- Material provided -
----

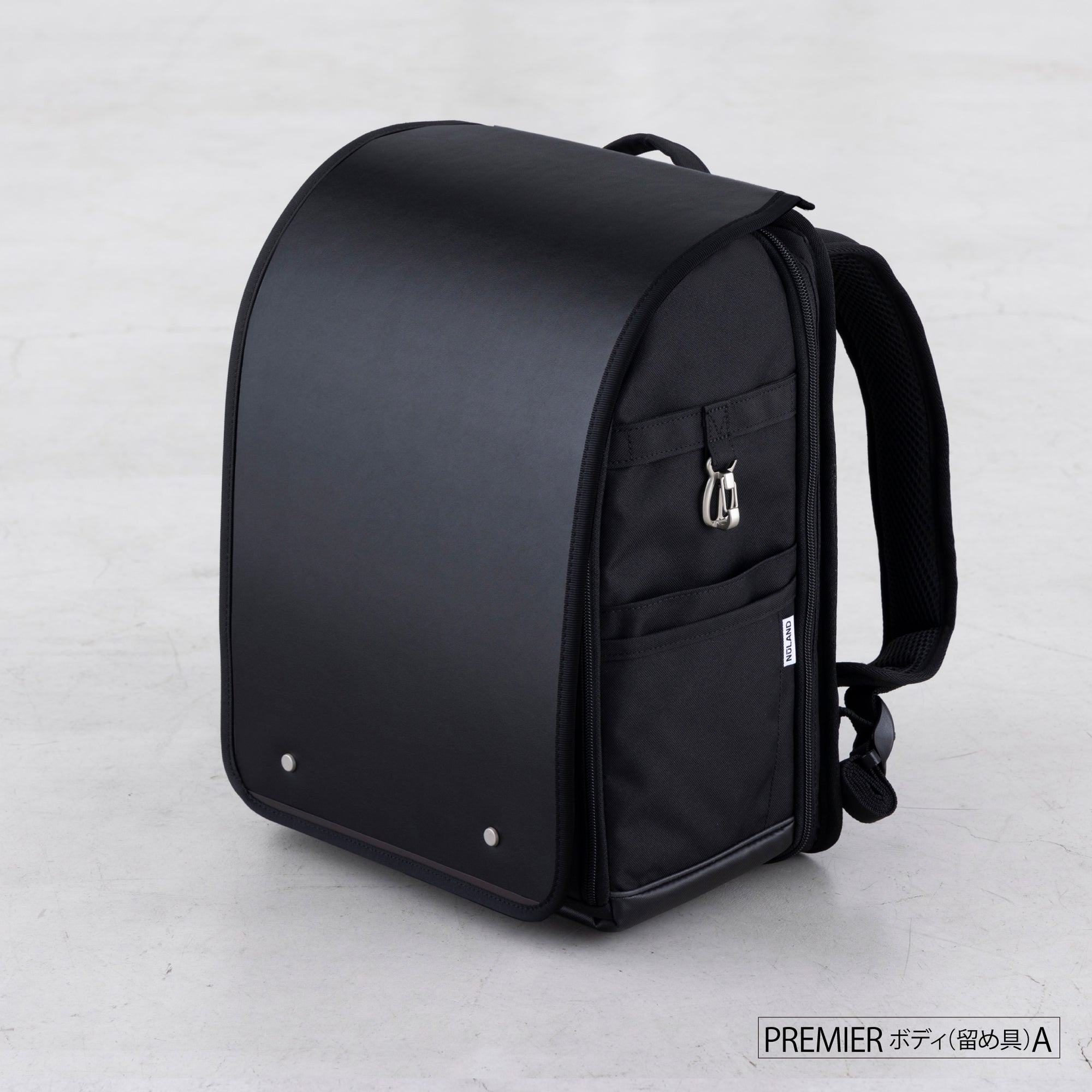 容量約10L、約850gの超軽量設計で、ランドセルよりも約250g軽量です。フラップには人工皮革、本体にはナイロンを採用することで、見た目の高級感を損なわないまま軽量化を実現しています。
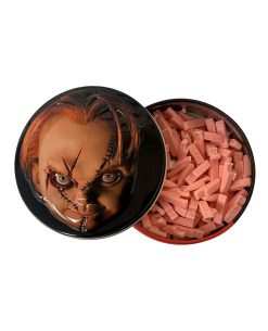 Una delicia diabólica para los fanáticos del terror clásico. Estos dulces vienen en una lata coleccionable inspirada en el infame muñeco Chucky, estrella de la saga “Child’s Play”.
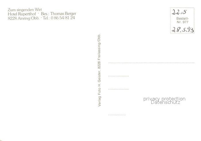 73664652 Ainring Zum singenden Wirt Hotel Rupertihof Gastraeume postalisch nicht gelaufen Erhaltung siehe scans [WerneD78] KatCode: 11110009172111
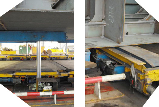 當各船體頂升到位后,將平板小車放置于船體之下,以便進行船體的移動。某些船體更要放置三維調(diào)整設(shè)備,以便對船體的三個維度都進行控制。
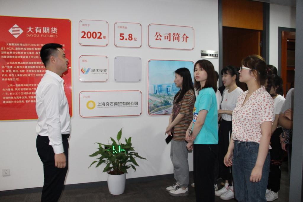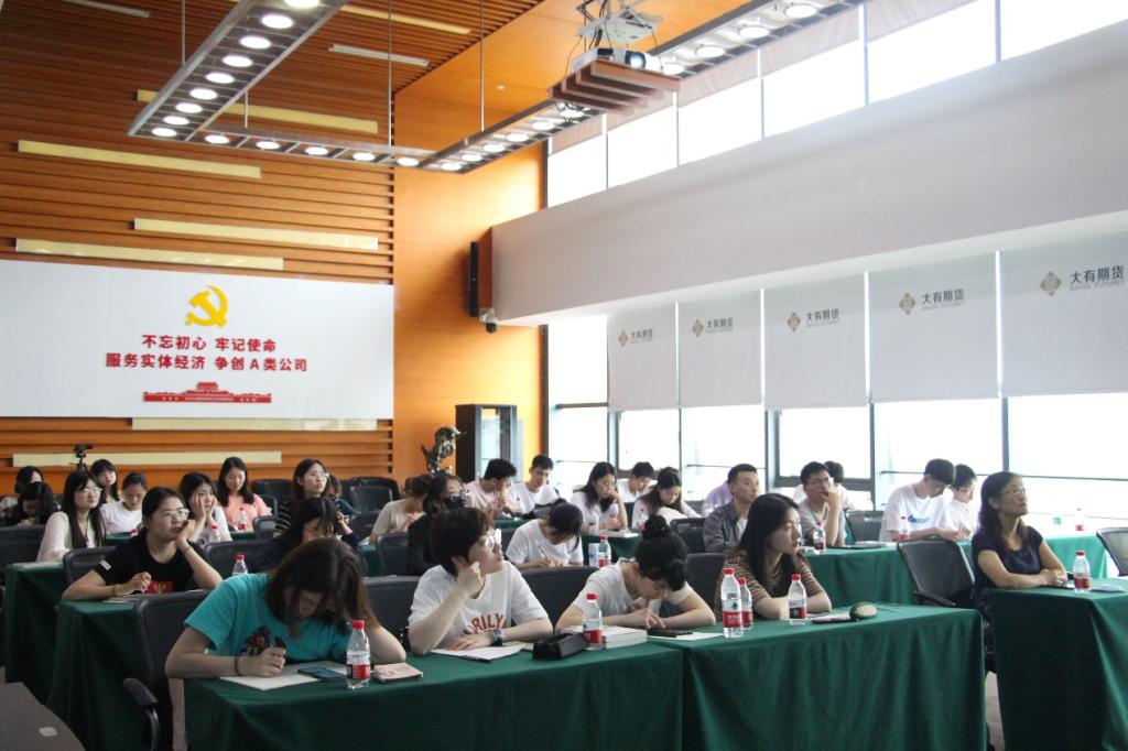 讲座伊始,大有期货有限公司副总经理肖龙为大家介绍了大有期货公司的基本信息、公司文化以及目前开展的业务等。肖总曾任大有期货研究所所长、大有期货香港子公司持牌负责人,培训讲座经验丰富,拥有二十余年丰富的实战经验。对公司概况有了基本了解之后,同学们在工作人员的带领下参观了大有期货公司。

----

- Work required -
Set down exactly, and only, the lines from the one containing "73664652 Ainring Zum" through the last line of the entries. Pictures do not belong in the copy.

- Reply to the task -
 73664652 Ainring Zum singenden Wirt Hotel Rupertihof Gastraeume postalisch nicht gelaufen Erhaltung siehe scans [WerneD78] KatCode: 11110009172111
 當各船體頂升到位后,將平板小車放置于船體之下,以便進行船體的移動。某些船體更要放置三維調(diào)整設(shè)備,以便對船體的三個維度都進行控制。
 讲座伊始,大有期货有限公司副总经理肖龙为大家介绍了大有期货公司的基本信息、公司文化以及目前开展的业务等。肖总曾任大有期货研究所所长、大有期货香港子公司持牌负责人,培训讲座经验丰富,拥有二十余年丰富的实战经验。对公司概况有了基本了解之后,同学们在工作人员的带领下参观了大有期货公司。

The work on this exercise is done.